On the input preprocessing side, the code takes an image read from Amazon S3 and converts it to the required TFS REST API input format.  On the output postprocessing side, the script simply passes through the predictions in the standard TFS format without modifying them. Alternatively, we could have just returned a class label for the class with the highest score, or performed other postprocessing that would be helpful to the application consuming the predictions. 

### Requirements.txt

Besides an `inference.py` script implementing the handler interface, it also may be necessary to supply a `requirements.txt` file to ensure any necessary dependencies are installed in the container along with the script.  For this script, in addition to the Python standard libraries we used the Pillow and Numpy libraries.

In [None]:
!wget -q https://raw.githubusercontent.com/aws-samples/amazon-sagemaker-script-mode/master/tf-distribution-options/code/requirements.txt
!cat ./requirements.txt

### Make Predictions

Next we'll set up the Predictor object created by the `deploy` method call above.
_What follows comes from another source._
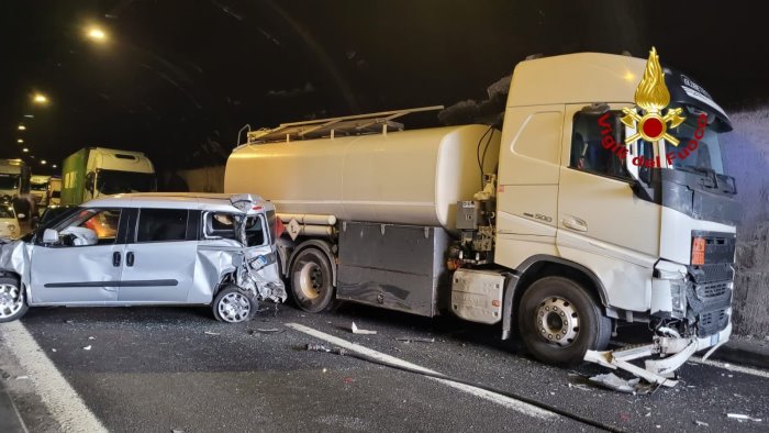 Traffico in tilt a Salerno per un incidente stradale avvenuto intorno alle 15 in galleria, subito prima dello svincolo per Salerno centro, in direzione dell'imbocco autostradale Salerno - Napoli. Per cause da accertare si è verificata una collisione tra un'autocisterna che trasportava gasolio e due autovetture, probabilmente in coda per lo svincolo. Ad avere la peggio l'uomo che era alla guida di una delle due autovetture per il quale è stato necessario l'intervento dei Vigili del Fuoco.
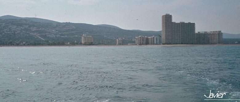 Playa y hoteles (foto antigua),

Since we are using a preprocessing script, we need to specify the Predictor's content type as `application/x-image` and override the default (JSON) serializer. We can now get predictions about the sample data displayed above simply by providing the raw .png image bytes to the Predictor.  

In [None]:
predictor.content_type = 'application/x-image'
predictor.serializer = None

def get_prediction(file_path):
    
    with open(file_path, "rb") as image:
        f = image.read()
    b = bytearray(f)
    return labels[np.argmax(predictor.predict(b)['predictions'], axis=1)[0]]

In [None]:
import time
start = time.time()
predictions = [get_prediction(image) for image in images]
end = time.time()
print(end - start)
print(predictions)

# Cleanup

To avoid incurring charges due to a stray endpoint, delete the Amazon SageMaker endpoint if you no longer need it:

In [None]:
sagemaker_session.delete_endpoint(predictor.endpoint)